Hacia las 20:00 horas del pasado lunes, Miguel acudía al restaurante, en la calle Santa María, desde su casa en la calle Magallanes, cuando sintió un fuerte dolor en el pecho y se sentó en un banco del Paseo de Zorrilla, según han informado fuentes muy próximas al hostelero. Un transeúnte se interesó por su salud y se encargó de llamar al 112 para solicitar ayuda. Una ambulancia le trasladó al Hospital Clínico Universitario, donde se le practicó un cateterismo, momento en el que sufrió una nueva parada cardiaca que su corazón aguantó. Sin embargo, lamentablemente, horas después, en la Unidad de Cuidados Intensivos (UCI), Miguel Ángel García fue víctima de un nuevo infarto que, esta vez, su corazón no soportó.

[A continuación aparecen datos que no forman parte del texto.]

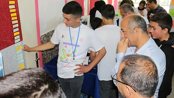 Eşrefoğlu İmam Hatip Ortaokulu'nda düzenlenen fuarda, öğrencilerin yıl içinde hazırladığı 21 farklı proje görücüye çıktı.

Su desaparición ha sumido en la tristeza a familiares y amigos, pero también a los clientes del restaurante La Puñeta, especializado en cocina texana-mexicana, platos de carne y ensaladas, con quien Miguel siempre se mostraba atento, cariñoso y sonriente. Su socio desde hace una década, Juan del Val, recordaba ayer que «Miguel era un trabajador incansable, que cuando acababa aquí iba a echar una mano al Sotabanco», y una persona «prudente y metódica» en sus costumbres, y que en un principio no tenía problemas de corazón. Algunos amigos se despidieron de él a través de Facebook.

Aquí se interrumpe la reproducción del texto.